The twins got their start in the Middlesex Campaign I did with my online friends Heather and TJ, the same one that included the human barbarian Brutus Warcry, the half-orc barbarian Agrusk Xis, and the elf wizard Darthania Gaveston. As a reward for protecting the mayor of Middlesex, Brutus and Darthania were given the services of government sanctioned bodyguards to make sure they didn’t have to live in fear of criminal gangs anymore. When one of them was murdered by an MMA fighter (outside the cage), the Nightwolf Twins were his replacement. I’d say they were a huge upgrade, but that would be disrespectful to the memory of Chris Bryan, the one who was killed.

The twins proved to be more than useful and have earned their money in spades. They beat the asses of any gangster who had a price on Brutus and Darthania’s heads and they…well…here’s where their services get a little X-rated and off the clock (I said clock, you perverts). While the two of them were in a bigamous relationship with another government paid bodyguard (an elf paladin named Windham Farrell), the X-rated action wasn’t limited to those three. It got pretty interesting in the Gaveston-Warcry household. They spent more money on cleaning supplies than a subway janitor. I’ll let you all figure out what that means.

Now that you know the shallow meaning of the Nightwolf Twins (fighting and fucking), it’s time to dig a little deeper into their souls. You see, the Nightwolves and the Warcries (two barbaric tribes) didn’t always get along. In fact, they would go to war with each other and murder several warriors. Brutus’ girlfriend at the time, Kai Nightwolf, had her head cut off by two of his fellow tribesmen, Titus and Cabal Warcry. Brutus has since moved off of the Warcry Reservation and into Middlesex out of spite for his fellow tribesmen. Although the Warcries and the Nightwolves eventually made peace with each other, Brutus can’t get Kai out of his mind. Therefore, when Brutus is doing…things to Electra and Sandra, he sees Kai in both of them. It’s kind of a sick consolation, which means Brutus still has issues to work out.

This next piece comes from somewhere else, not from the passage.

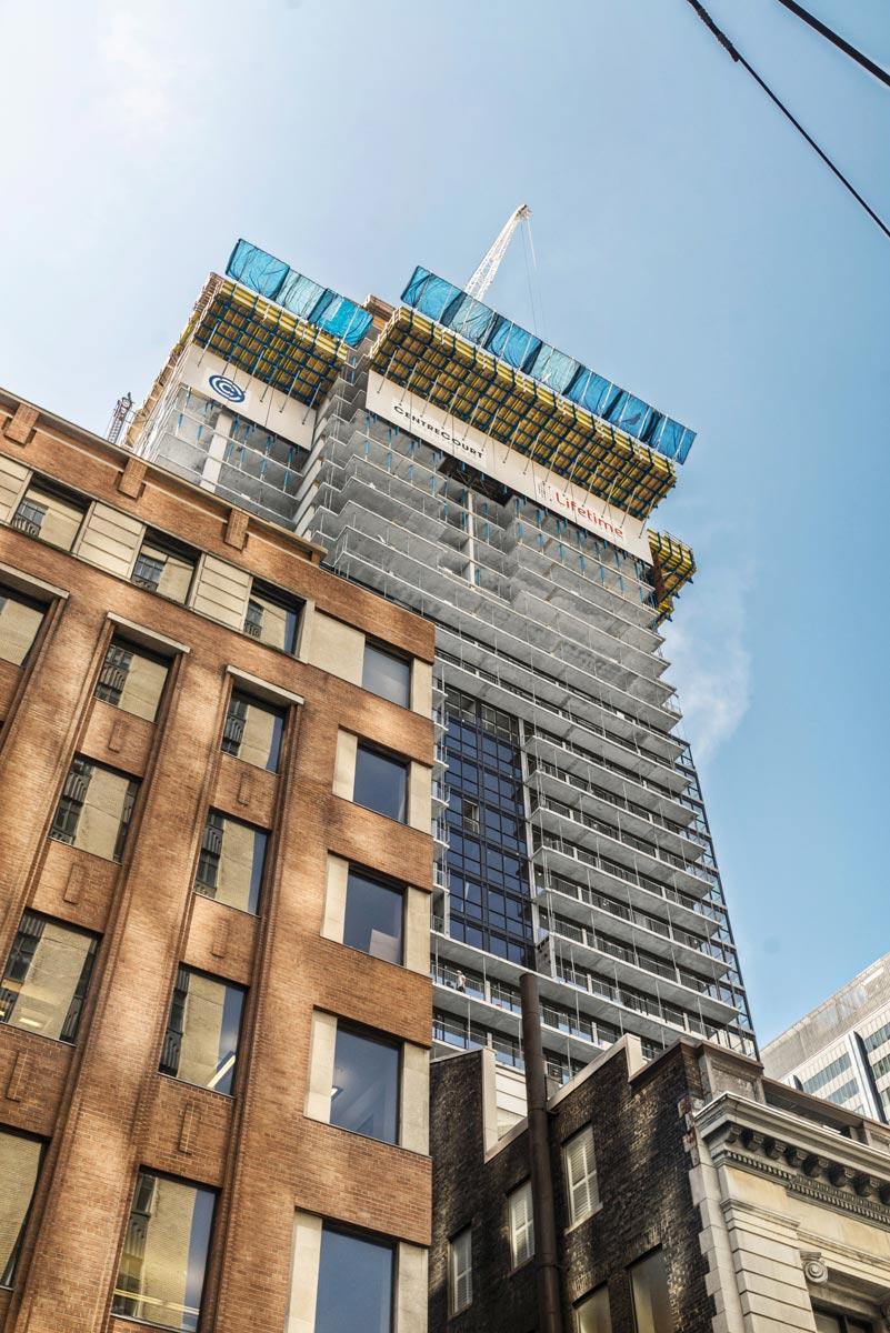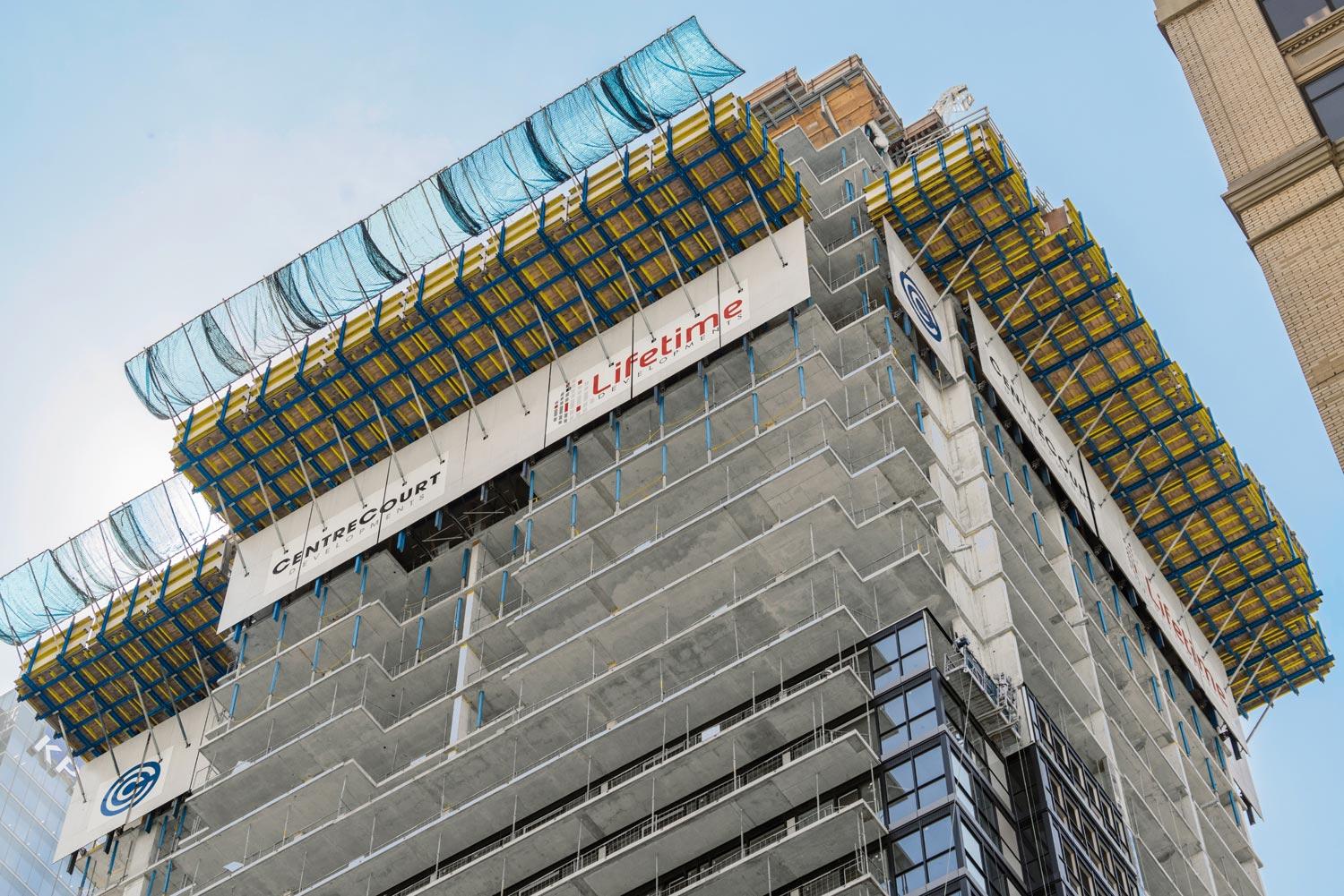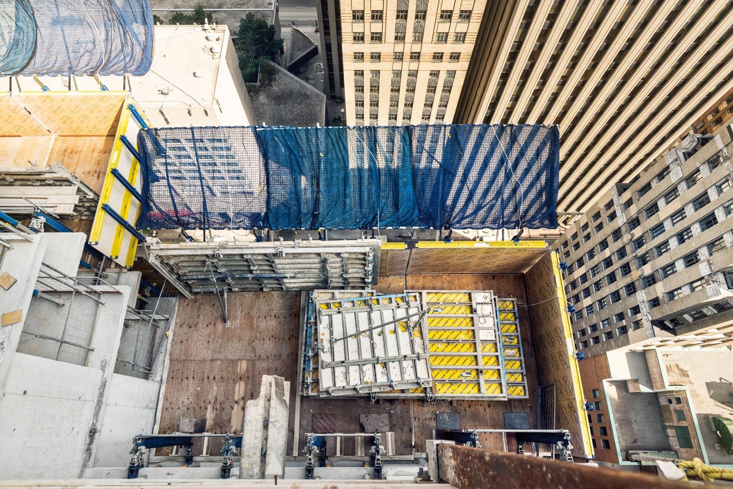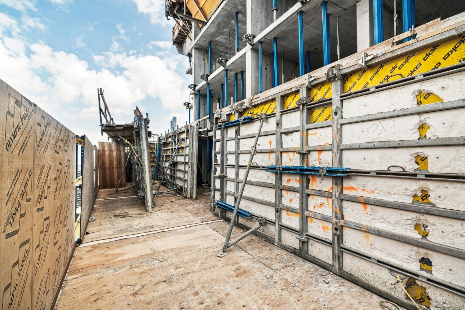 On the INDX condominium project in Toronto, Doka in partnership with Hardwall Construction developed a new hydraulic protection screen system to climb 7 platforms for the next casting step at once in one hour with no crane. The system incorporates a 16 ft loading platform to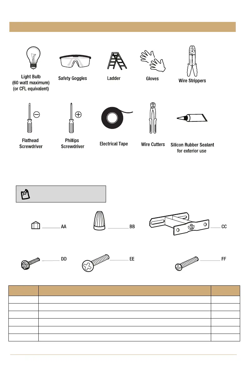 HAMPTON BAY SP-4248A - Pre-Installation; Tools Required; Hardware Included

Electra and Sandra had the same issues with their own tribe that Brutus had with the Warcries. The twin sisters didn’t know who to trust at that time, so they moved to Middlesex and got jobs as government protectors. Normally, there would be all of this rhetoric about not being able to trust “big government”. The mayor of Middlesex, Shawn Simms, disproved those insecurities by being the one responsible for bringing peace between the Nightwolves and the Warcries. If Electra and Sandra couldn’t trust their own people, they could find solace within the payroll of Shawn Simms. And the rest, they say, is history.

 

***WRESTLING QUOTE OF THE DAY***

“We have a food fight every Thanksgiving…with canned goods!”